I do remember seeing the car and making the choice to go in front while I could rather than risk losing it a split second later and actually hitting it…a decision that ultimately paid off seeing I didn’t hit the car, rock face or anything else and in fact brought my ride straight back onto the road and carried on down to the cafe where I suffered suitable amounts of egg on face.
Lesson definitely learned.
zanf
SingleSpeed wrote:
SingleSpeed wrote:LOL, fuck the crash you should market that music…I was in induced into a dream like tranceWeird that cant seem to find anything about the artist
keirik
Looks to me like you were
Looks to me like you were watching your mate rather than the bend and that’s why you ended up in the same place.

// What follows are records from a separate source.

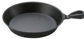
⑫丸型グリル鍋 17cm 片手 ㊦

ページコード 商品コード 価格 M11-507 4-1747-1101 7609000 φ170×H30 材質:アルミとステンレスの2層 ※専用グリル台は⑬⑭をお使いください。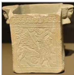
تصویر ۱۴: گریفین، بدل چینی، ایلام میانه (URL:14)

قدیمی‌ترین شیر با صورت انسان (اسفنکس) را از آن مصری‌ها دانسته‌اند؛ برای اولین بار در خاورمیانه در تمدن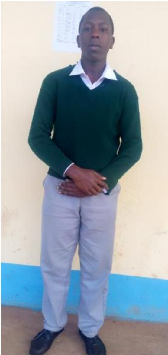
RANGI YA SWETA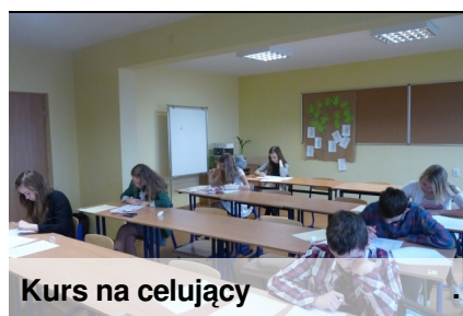
Kurs na celujący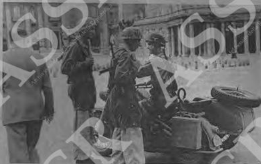
Soldati tedeschi a piazza San Pietro nel settembre del 1943

Certo, non va sempre così: spesso s'incontrano anche i provocatori e gli squadristi, quasi sempre guidati da responsabili politici di qualche ben noto partito di destra, che ha tutto da perdere in un dibattito sereno. Ma questa è la realtà che in genere si riscontra, e non solo nelle scuole, nella memoria storica di gran parte della gente. Perfino nei nostri partiti di sinistra, perfino nel nostro vecchio Pci, e non solo sugli episodi che sono stati emblematici obiettivi della mistifi-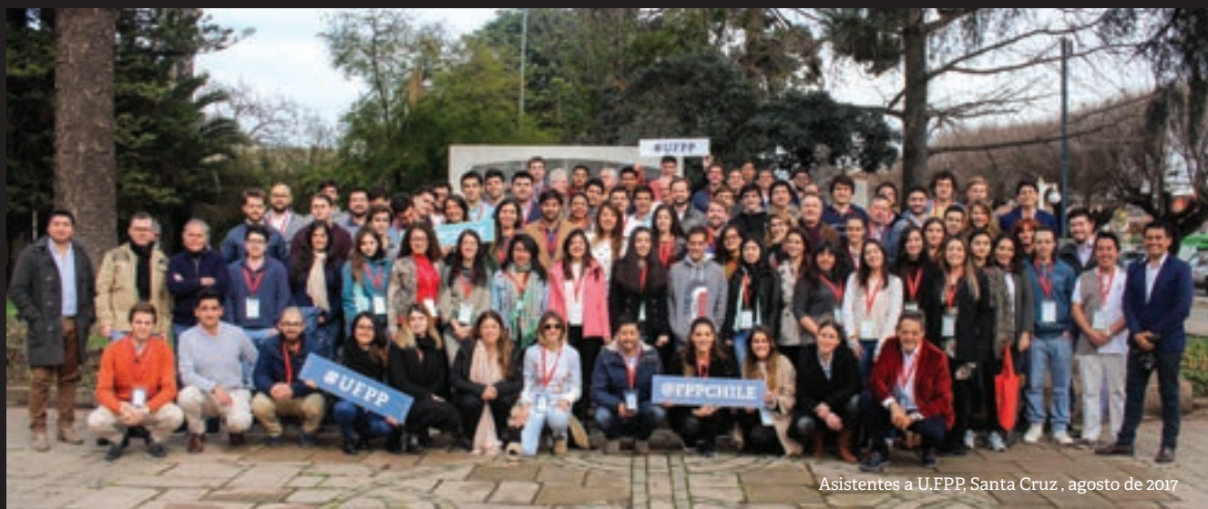
Asistentes a U.FPP, Santa Cruz , agosto de 2017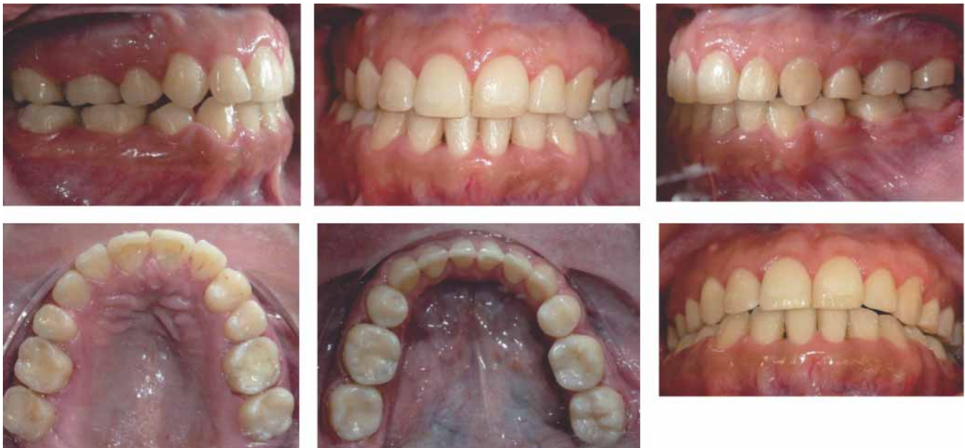
Figura 5. Fotografías intraorales finales. Se sustituyeron el canino superior derecho y el primer molar inferior izquierdo, se conservó la clase III molar derecha y se consiguió clase I molar izquierda, y debido a la desviación mandibular, no se consiguió la clase I canina derecha ni la coincidencia de las líneas medias.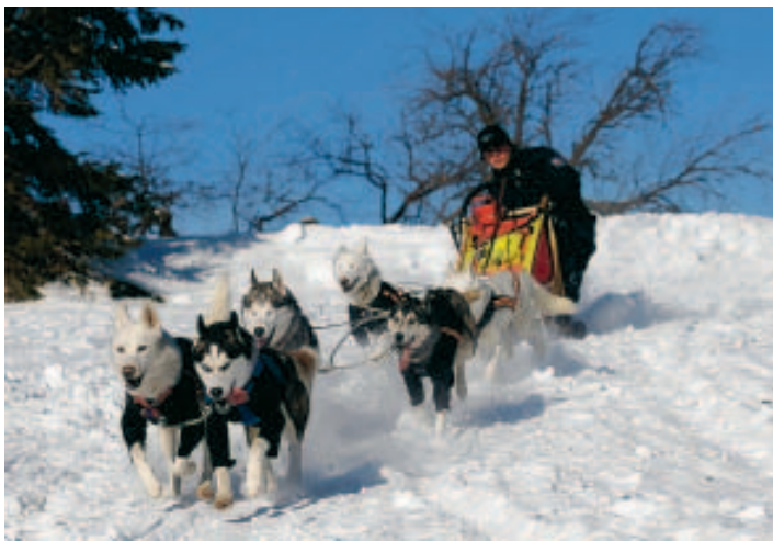
Les chiens de traîneaux à Saint-Vith le week-end prochain.

"Avec près de 10.000 visiteurs, nous avons enregistré un très bon week-end, surtout dimanche, fantastique lorsque le soleil a été rendez-vous", se réjouit Sandra De Taeye, direction de l'Office du tourisme des Cantons de l'Est. Près de 4.500 paires de skis, de raquettes et des luges ont été louées. Depuis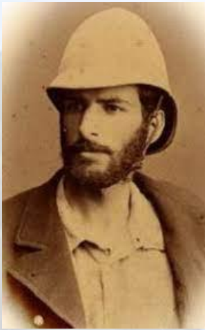
Письменник, автор пригодницьких романів Луї Буссенар (Франція, 1847-1910)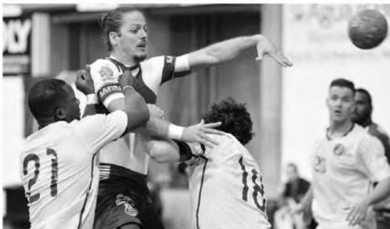
Pavilhão do Funchal encheu-se para mais uma festa do andebol.

Na segunda parte os madeirenses foram soberbos e à passagem do minuto 34 passavam para a frente do marcador (14-13), conseguindo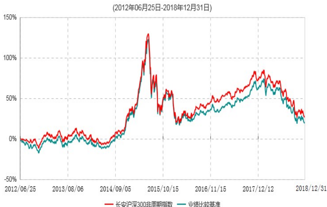
长安沪深300非周期行业指数证券投资基金累计净值增长率与业绩比较基准收益率历史走势对比图

根据基金合同的规定,自基金合同生效之日起6个月内基金各项资产配置比例需符合基金合同要求。本基金在建仓期结束后,各项资产配置比例已符合基金合同有关投资比例的约定。图示日期为2012年6月25日至2018年12月31日。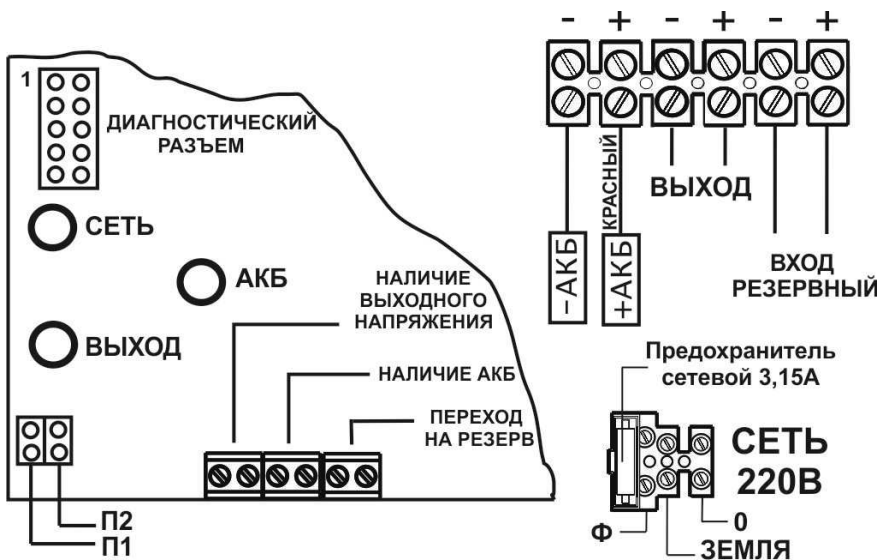
Рисунок 1. Вид источника с открытой крышкой (схема подключения)

Target fixation – well known to motorcyclists too – look where you want to go,.
Plus if the vanishing point isn’t moving away as fast as you are travelling then slow down because the corner is tightening up.
alansmurphy
Surely at the point of
Surely at the point of abandonment there was still the opportunity to stop quicker…
The _Kaner
permission to use the music
permission to use the music in my next gopro cycling vid?
Canyon48
Well that was pretty close.
Well that was pretty close.
Cheddar Gorge and Burrington Combe are my local climbs/descents. I’ve had my run-ins with both whilst descending (my own fault)….
I find Cheddar Gorge such a pain to descend (hard on the brakes and usually lots of traffic) that I don’t bother with it anymore.
My recommendation for anyone coming by the Mendips would be climb Cheddar Gorge and descend Burrington Combe (watch out for the REALLY tight left hander about 1/3 the way down though!